Question

identify the solid that is represented by the net. then find its surface area. (all lengths are in feet.)

Explanation:

Step1: Identify the solid

The net represents a triangular - pyramid. It has a triangular base and 3 triangular faces meeting at a vertex.

Step2: Calculate the area of the base

The base is a triangle with base $b = 6$ feet and height $h = 5.2$ feet. The area of a triangle is $A_{base}=\frac{1}{2}\times b\times h$. So, $A_{base}=\frac{1}{2}\times6\times5.2 = 15.6$ square feet.

Step3: Calculate the area of the lateral faces

There are 3 lateral faces. Each lateral face has a base equal to a side of the base - triangle and height equal to 5 feet.
The three lateral - face areas:
For the first lateral face with base 6 feet: $A_1=\frac{1}{2}\times6\times5 = 15$ square feet.
For the second and third lateral faces (assuming the base - triangle is isosceles or we can calculate each separately), if we consider the other sides of the base - triangle, and using the same formula for the area of a triangle $A=\frac{1}{2}\times base\times height$, and since the height of each lateral face is 5 feet.

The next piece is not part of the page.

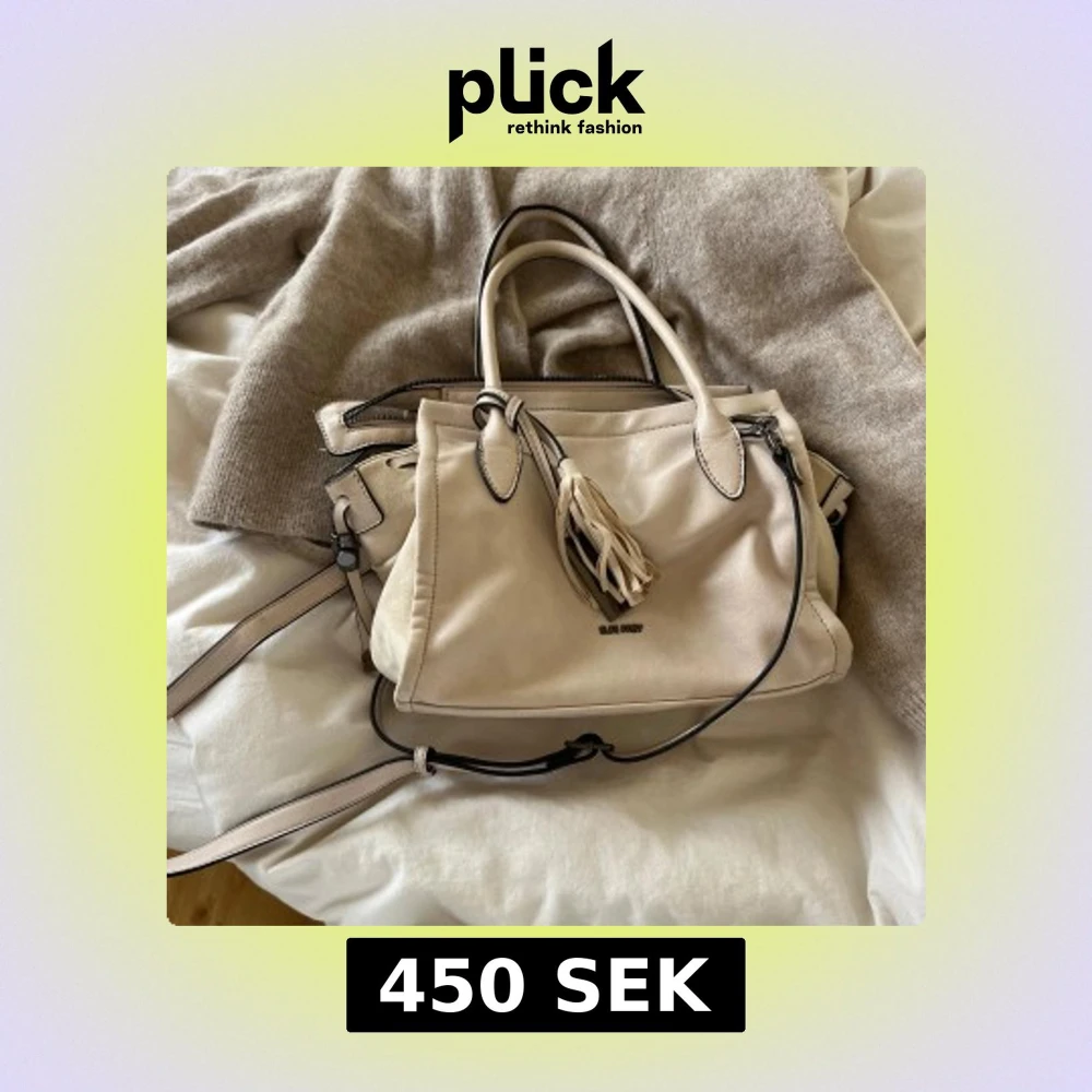Snygg beige handväska från Suri Frey med tofsdetalj framtill. Väskan har både handtag och axelrem, dragkedja upptill och ett rymligt foder med tryckt logga. Perfekt storlek för vardagens essentials och stilren look.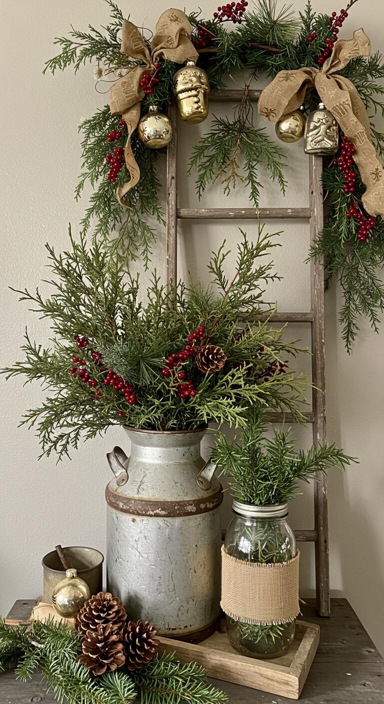 Although you might picture sprawling wreaths and perfect boughs, a vintage farmhouse evergreen display feels intentionally simple and well-loved: tuck faded cedar and pine sprigs into a weathered milk can, layer burlap ribbon around a mason jar filled with clippings, and lean a small, slightly worn ladder against the wall to hold swags and garlands.

Let's assume the base - triangle has sides such that the sum of the areas of the three lateral faces: $A_{lateral}=3\times\frac{1}{2}\times base\times5$. Since one base is 6 feet and assuming the other two are equal (from the symmetry of the net), we have $A_{lateral}=3\times\frac{1}{2}\times6\times5=45$ square feet.

Step4: Calculate the surface area

The surface area $A$ of the triangular - pyramid is the sum of the base area and the lateral - face areas. So, $A = A_{base}+A_{lateral}=15.6 + 45=60.6$ square feet.

Answer:

The solid is a triangular pyramid and its surface area is 60.6 square feet.